» MATERIAL FOR THE TASK:
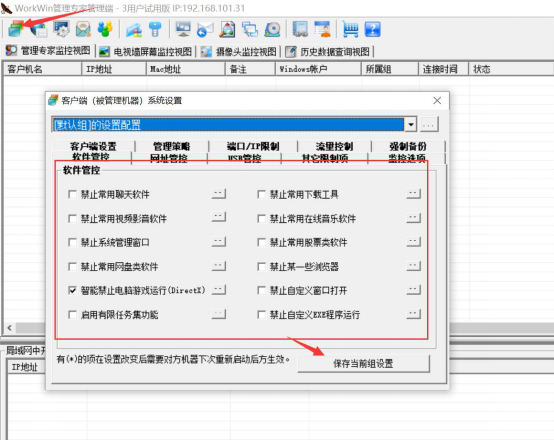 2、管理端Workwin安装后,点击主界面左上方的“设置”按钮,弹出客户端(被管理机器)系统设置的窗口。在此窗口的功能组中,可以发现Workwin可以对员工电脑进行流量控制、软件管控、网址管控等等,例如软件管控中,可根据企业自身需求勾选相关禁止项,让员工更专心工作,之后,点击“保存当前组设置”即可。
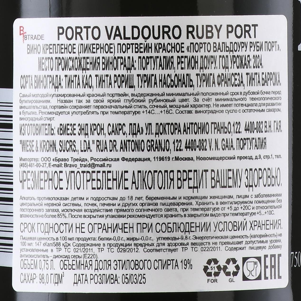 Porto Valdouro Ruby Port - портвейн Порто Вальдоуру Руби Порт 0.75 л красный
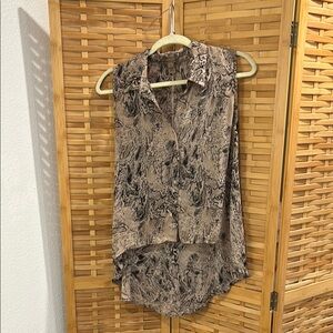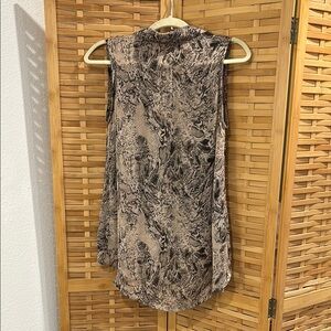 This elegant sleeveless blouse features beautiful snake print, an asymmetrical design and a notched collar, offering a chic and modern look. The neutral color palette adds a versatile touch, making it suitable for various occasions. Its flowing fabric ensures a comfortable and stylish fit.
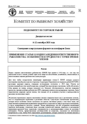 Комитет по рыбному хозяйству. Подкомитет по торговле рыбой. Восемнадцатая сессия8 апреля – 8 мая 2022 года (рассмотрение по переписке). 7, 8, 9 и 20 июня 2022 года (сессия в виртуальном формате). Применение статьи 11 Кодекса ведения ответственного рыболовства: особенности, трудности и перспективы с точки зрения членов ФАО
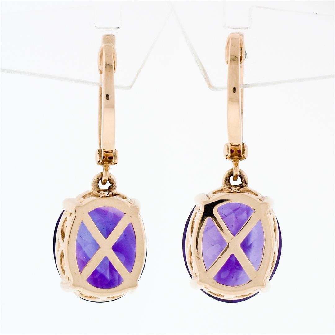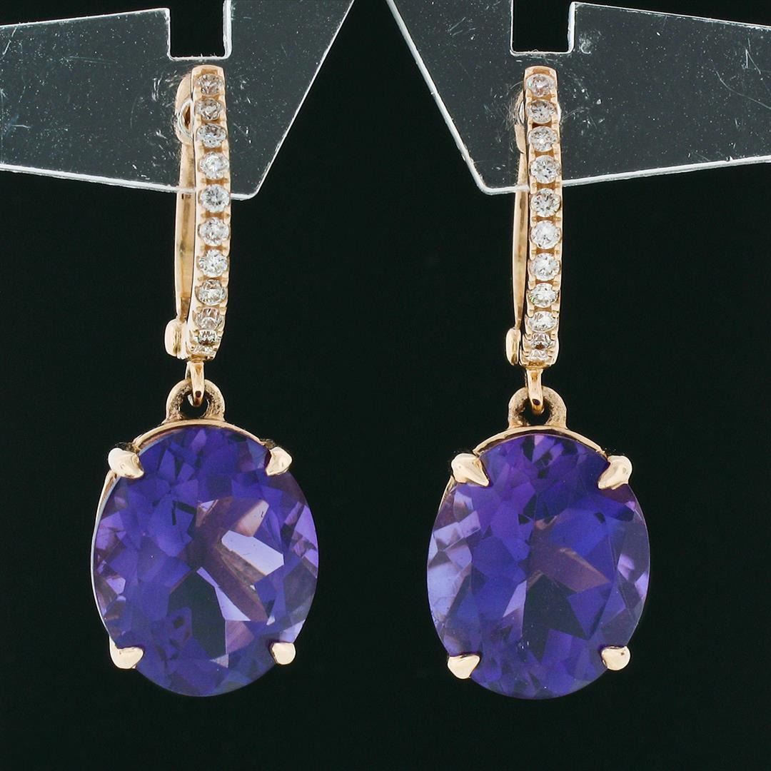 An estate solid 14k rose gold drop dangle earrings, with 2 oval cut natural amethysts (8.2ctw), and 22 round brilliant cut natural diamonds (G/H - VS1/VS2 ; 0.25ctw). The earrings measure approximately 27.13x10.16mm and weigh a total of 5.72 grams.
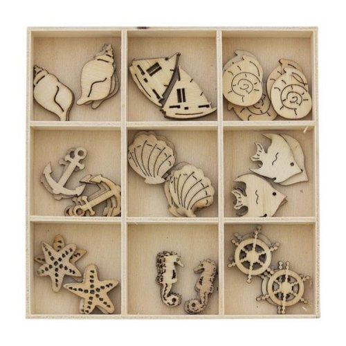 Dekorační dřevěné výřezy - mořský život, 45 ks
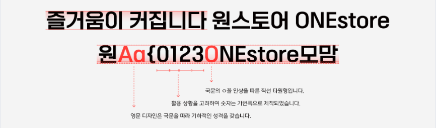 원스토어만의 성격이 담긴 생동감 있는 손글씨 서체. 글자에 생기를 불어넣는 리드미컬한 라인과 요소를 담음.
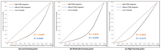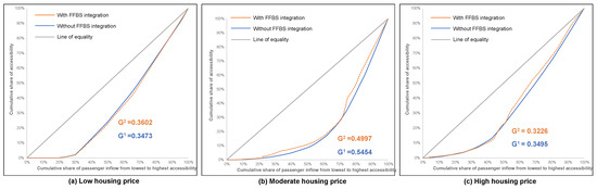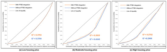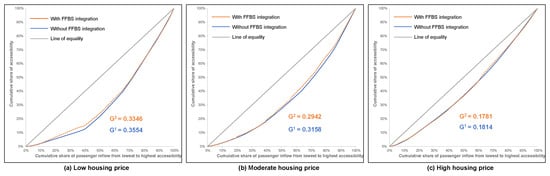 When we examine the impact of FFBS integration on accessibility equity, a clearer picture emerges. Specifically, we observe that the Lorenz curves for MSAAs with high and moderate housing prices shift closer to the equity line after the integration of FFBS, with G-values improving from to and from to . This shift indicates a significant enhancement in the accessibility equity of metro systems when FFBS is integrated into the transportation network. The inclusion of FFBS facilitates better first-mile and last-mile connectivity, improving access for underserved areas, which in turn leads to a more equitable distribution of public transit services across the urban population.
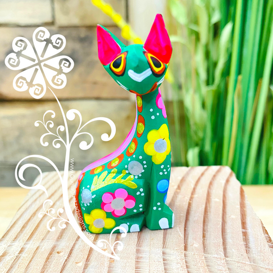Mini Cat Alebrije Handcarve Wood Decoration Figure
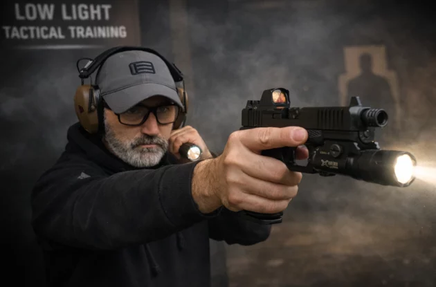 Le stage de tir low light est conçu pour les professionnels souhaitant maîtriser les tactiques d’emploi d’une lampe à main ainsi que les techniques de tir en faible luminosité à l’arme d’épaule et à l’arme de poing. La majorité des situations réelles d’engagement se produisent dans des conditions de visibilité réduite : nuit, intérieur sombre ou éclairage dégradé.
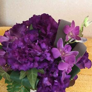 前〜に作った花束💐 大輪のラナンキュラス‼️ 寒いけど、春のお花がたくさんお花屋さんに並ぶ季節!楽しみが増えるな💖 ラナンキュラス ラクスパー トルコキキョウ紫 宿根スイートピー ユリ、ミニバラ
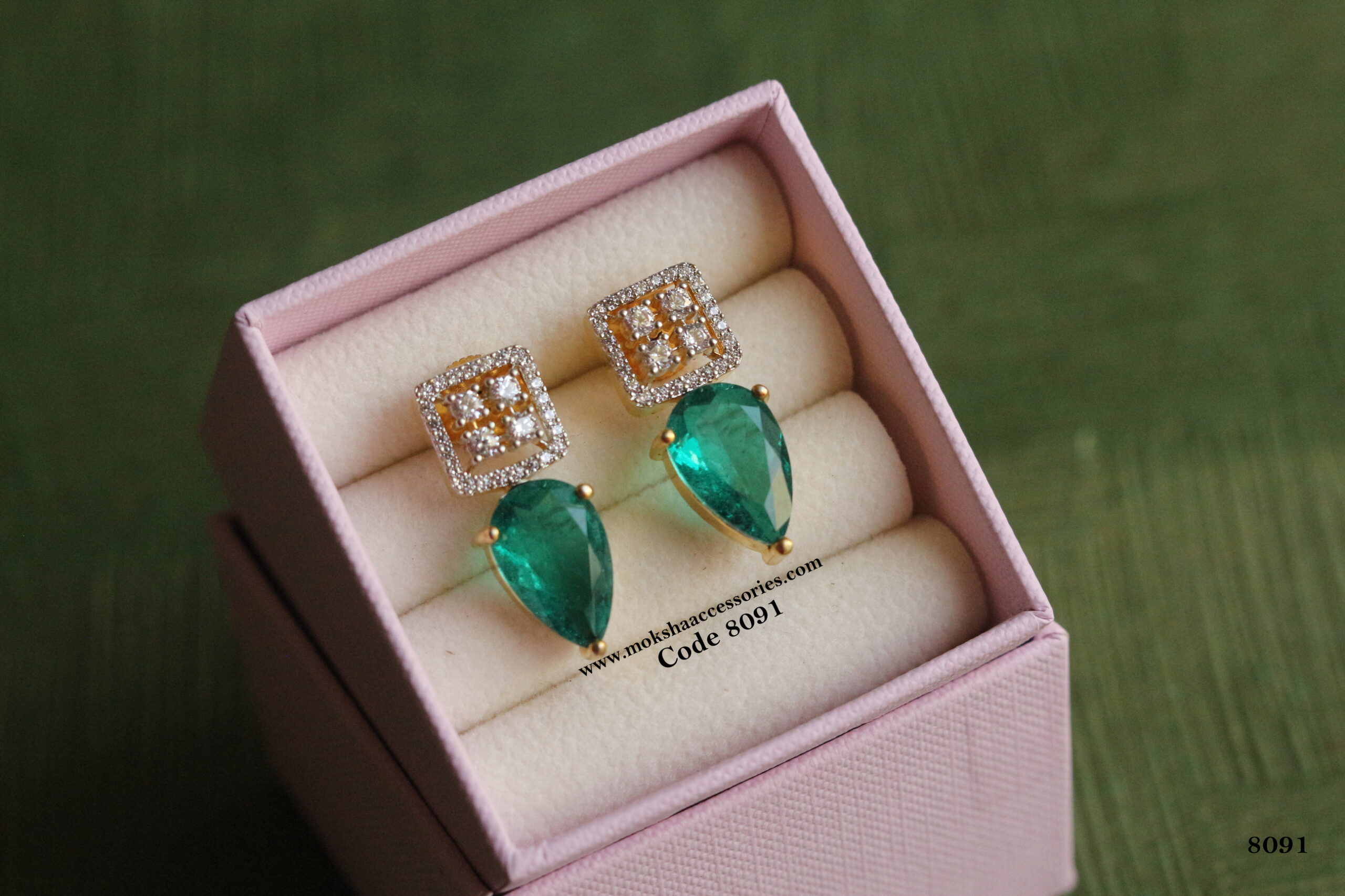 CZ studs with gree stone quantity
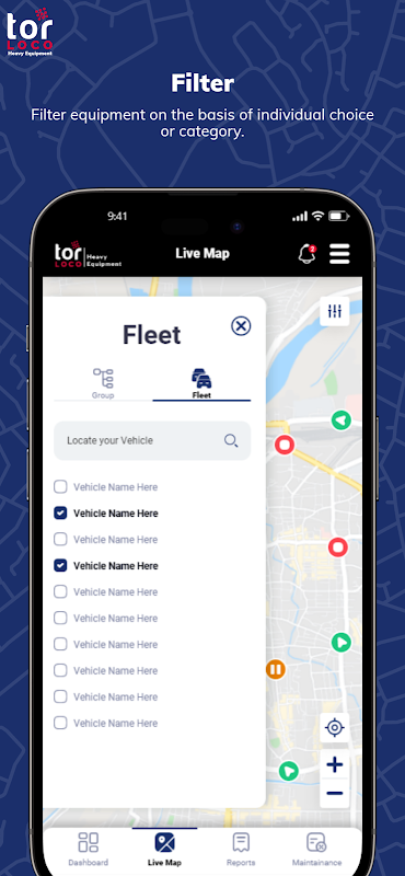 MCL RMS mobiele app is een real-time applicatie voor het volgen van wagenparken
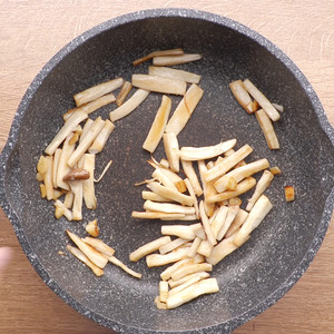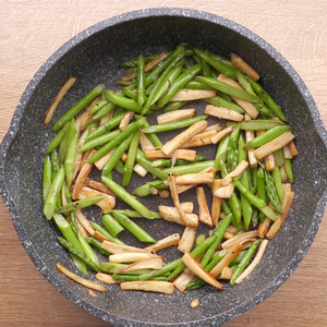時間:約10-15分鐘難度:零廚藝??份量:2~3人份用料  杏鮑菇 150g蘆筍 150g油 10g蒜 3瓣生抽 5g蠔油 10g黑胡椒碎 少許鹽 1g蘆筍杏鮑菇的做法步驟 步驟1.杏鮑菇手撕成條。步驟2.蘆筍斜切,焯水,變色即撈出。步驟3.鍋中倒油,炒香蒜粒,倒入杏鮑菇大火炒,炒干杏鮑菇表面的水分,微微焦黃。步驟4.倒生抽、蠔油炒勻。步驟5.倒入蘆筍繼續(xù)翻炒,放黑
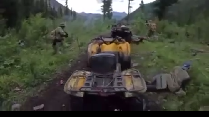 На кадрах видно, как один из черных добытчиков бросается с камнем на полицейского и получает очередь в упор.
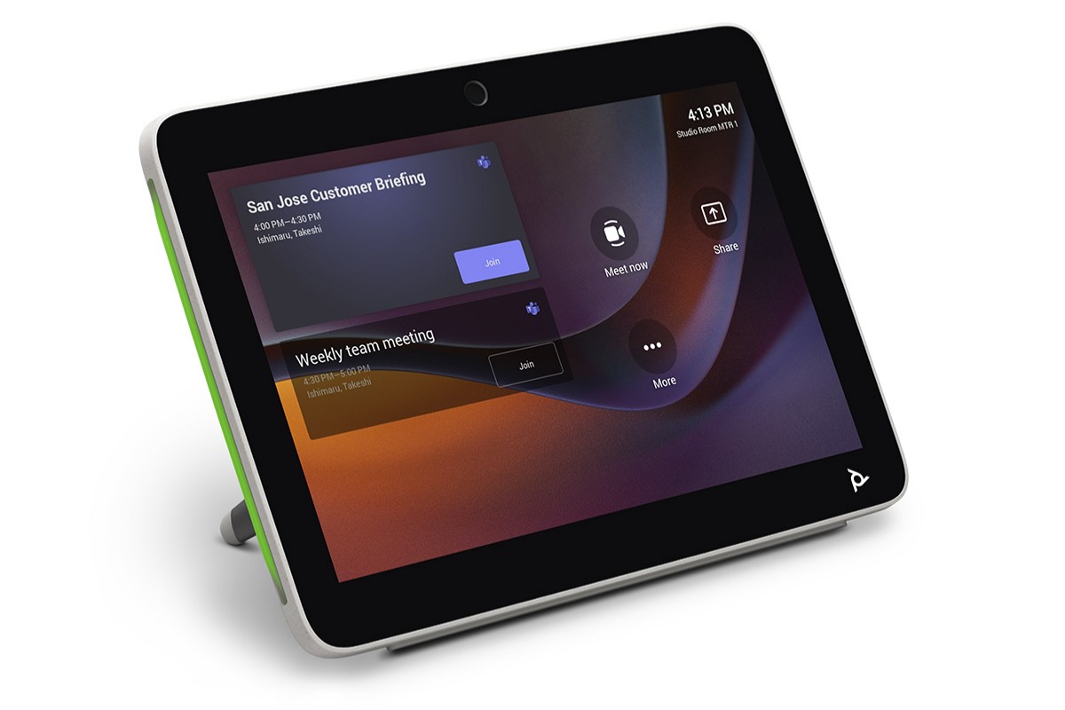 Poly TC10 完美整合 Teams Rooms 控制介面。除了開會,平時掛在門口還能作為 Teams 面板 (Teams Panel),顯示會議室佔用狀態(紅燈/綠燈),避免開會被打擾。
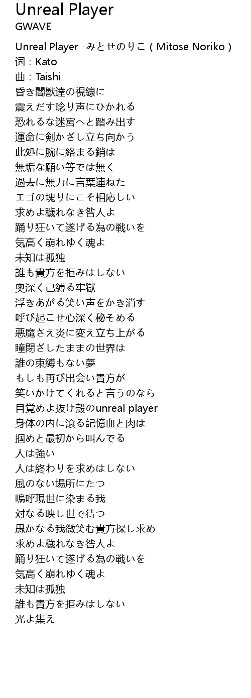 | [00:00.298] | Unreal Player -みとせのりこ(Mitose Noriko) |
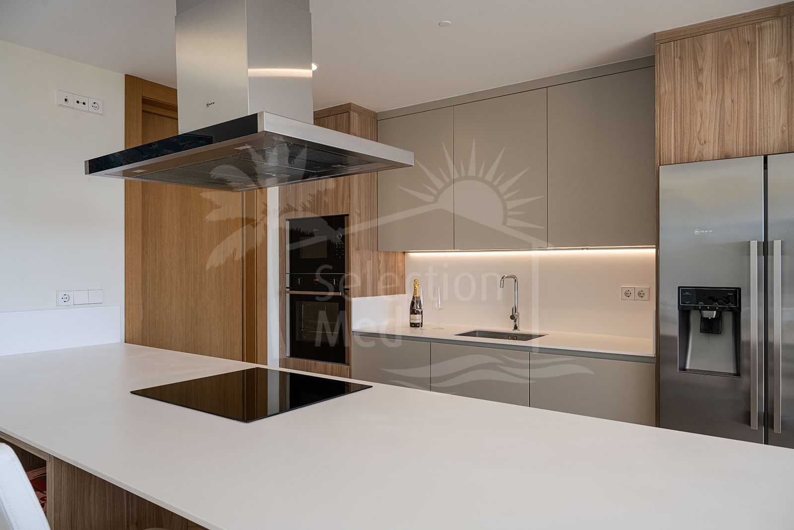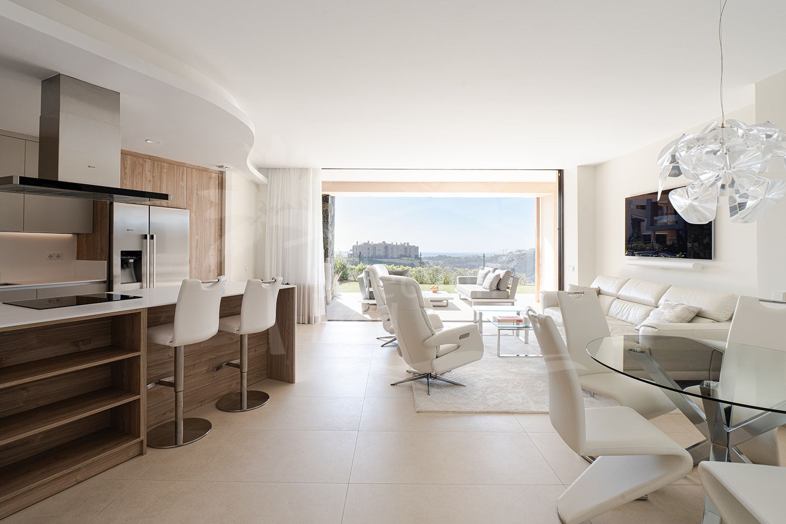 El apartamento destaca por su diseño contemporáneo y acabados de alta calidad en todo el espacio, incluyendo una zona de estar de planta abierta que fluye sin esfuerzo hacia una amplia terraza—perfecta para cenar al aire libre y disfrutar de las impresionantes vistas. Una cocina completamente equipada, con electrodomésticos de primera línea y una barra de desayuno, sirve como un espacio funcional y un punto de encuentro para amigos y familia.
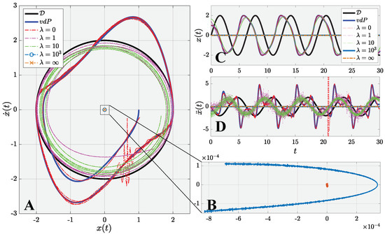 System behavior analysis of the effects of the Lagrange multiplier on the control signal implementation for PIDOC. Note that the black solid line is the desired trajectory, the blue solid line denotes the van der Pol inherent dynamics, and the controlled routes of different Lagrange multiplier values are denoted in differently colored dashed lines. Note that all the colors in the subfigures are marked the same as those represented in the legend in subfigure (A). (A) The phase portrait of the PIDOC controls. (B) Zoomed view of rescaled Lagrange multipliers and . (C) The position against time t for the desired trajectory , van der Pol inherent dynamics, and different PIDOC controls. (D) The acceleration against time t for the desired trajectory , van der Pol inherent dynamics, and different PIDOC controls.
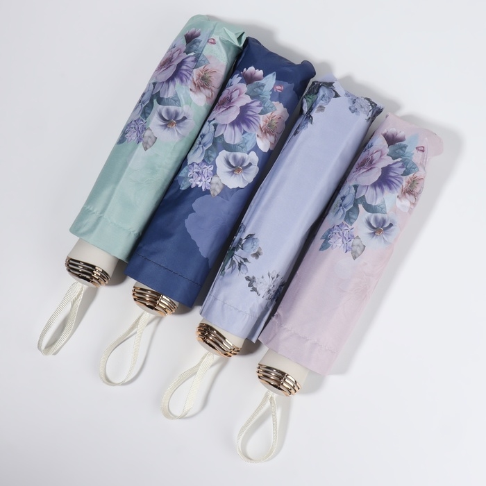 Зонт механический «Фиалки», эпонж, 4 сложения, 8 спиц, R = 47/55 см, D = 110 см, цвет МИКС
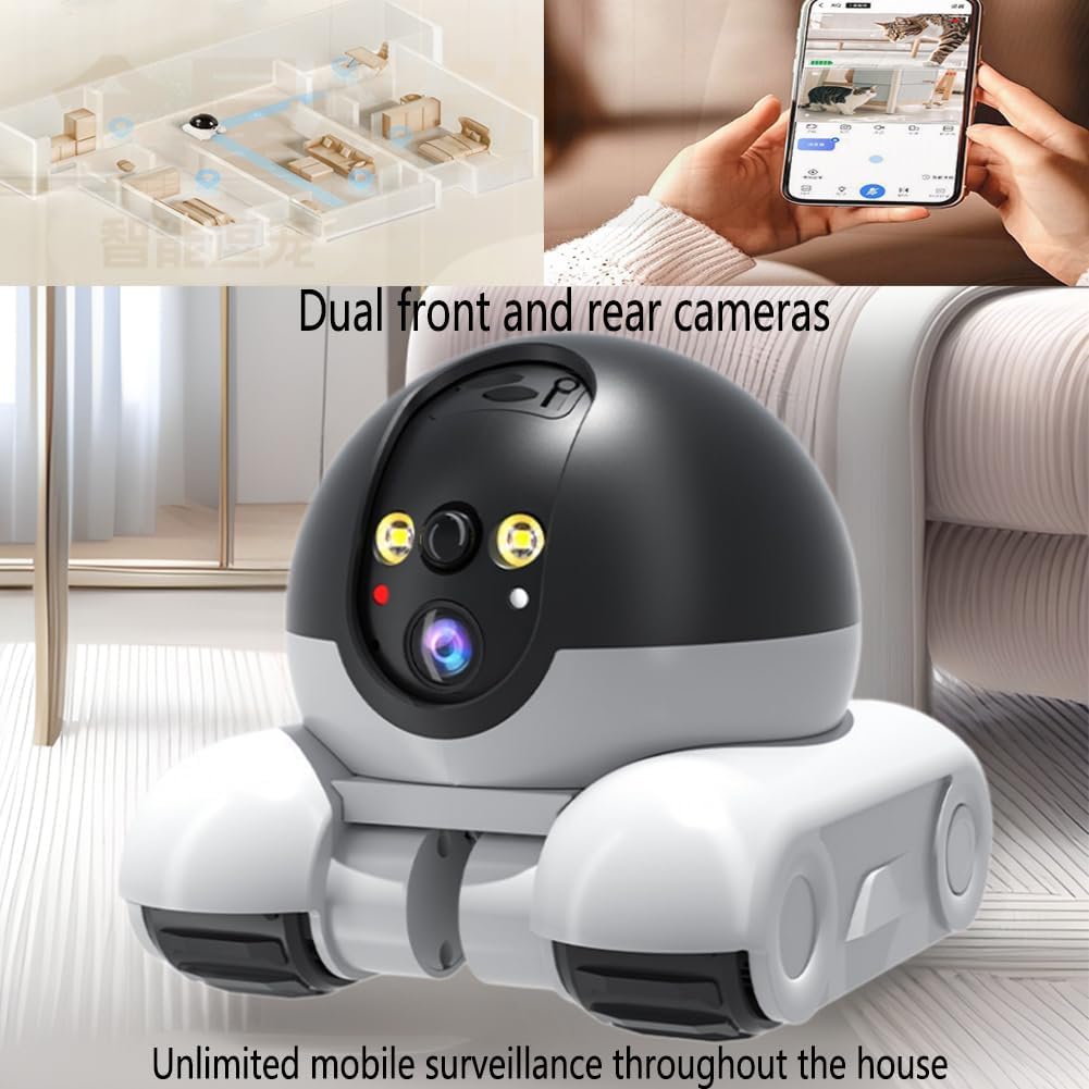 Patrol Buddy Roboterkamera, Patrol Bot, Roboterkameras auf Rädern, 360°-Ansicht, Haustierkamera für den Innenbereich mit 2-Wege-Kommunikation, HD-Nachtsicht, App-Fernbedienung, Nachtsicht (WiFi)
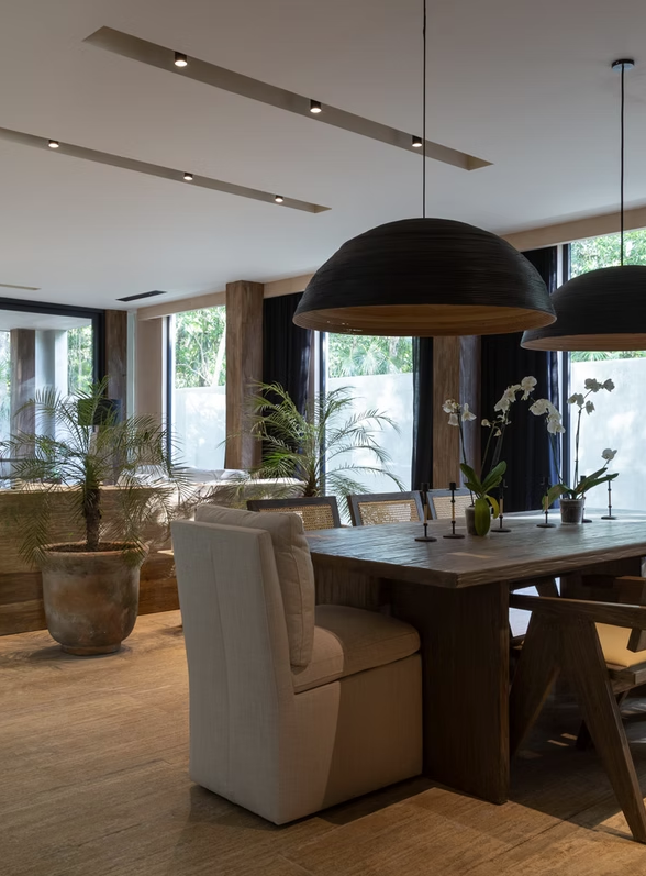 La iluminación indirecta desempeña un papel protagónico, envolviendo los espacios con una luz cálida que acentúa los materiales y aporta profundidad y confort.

» HOW TO COMPLETE THIS TASK: Print, exactly, each line above from the one with "CZ studs with gree stone quantity" to the one with "El apartamento destaca", end lines included. Leave pictures out of it.

» COMPLETED TASK:
 CZ studs with gree stone quantity
 MCL RMS mobiele app is een real-time applicatie voor het volgen van wagenparken
時間:約10-15分鐘難度:零廚藝??份量:2~3人份用料  杏鮑菇 150g蘆筍 150g油 10g蒜 3瓣生抽 5g蠔油 10g黑胡椒碎 少許鹽 1g蘆筍杏鮑菇的做法步驟 步驟1.杏鮑菇手撕成條。步驟2.蘆筍斜切,焯水,變色即撈出。步驟3.鍋中倒油,炒香蒜粒,倒入杏鮑菇大火炒,炒干杏鮑菇表面的水分,微微焦黃。步驟4.倒生抽、蠔油炒勻。步驟5.倒入蘆筍繼續(xù)翻炒,放黑
 На кадрах видно, как один из черных добытчиков бросается с камнем на полицейского и получает очередь в упор.
 Poly TC10 完美整合 Teams Rooms 控制介面。除了開會,平時掛在門口還能作為 Teams 面板 (Teams Panel),顯示會議室佔用狀態(紅燈/綠燈),避免開會被打擾。
 | [00:00.298] | Unreal Player -みとせのりこ(Mitose Noriko) |
 El apartamento destaca por su diseño contemporáneo y acabados de alta calidad en todo el espacio, incluyendo una zona de estar de planta abierta que fluye sin esfuerzo hacia una amplia terraza—perfecta para cenar al aire libre y disfrutar de las impresionantes vistas. Una cocina completamente equipada, con electrodomésticos de primera línea y una barra de desayuno, sirve como un espacio funcional y un punto de encuentro para amigos y familia.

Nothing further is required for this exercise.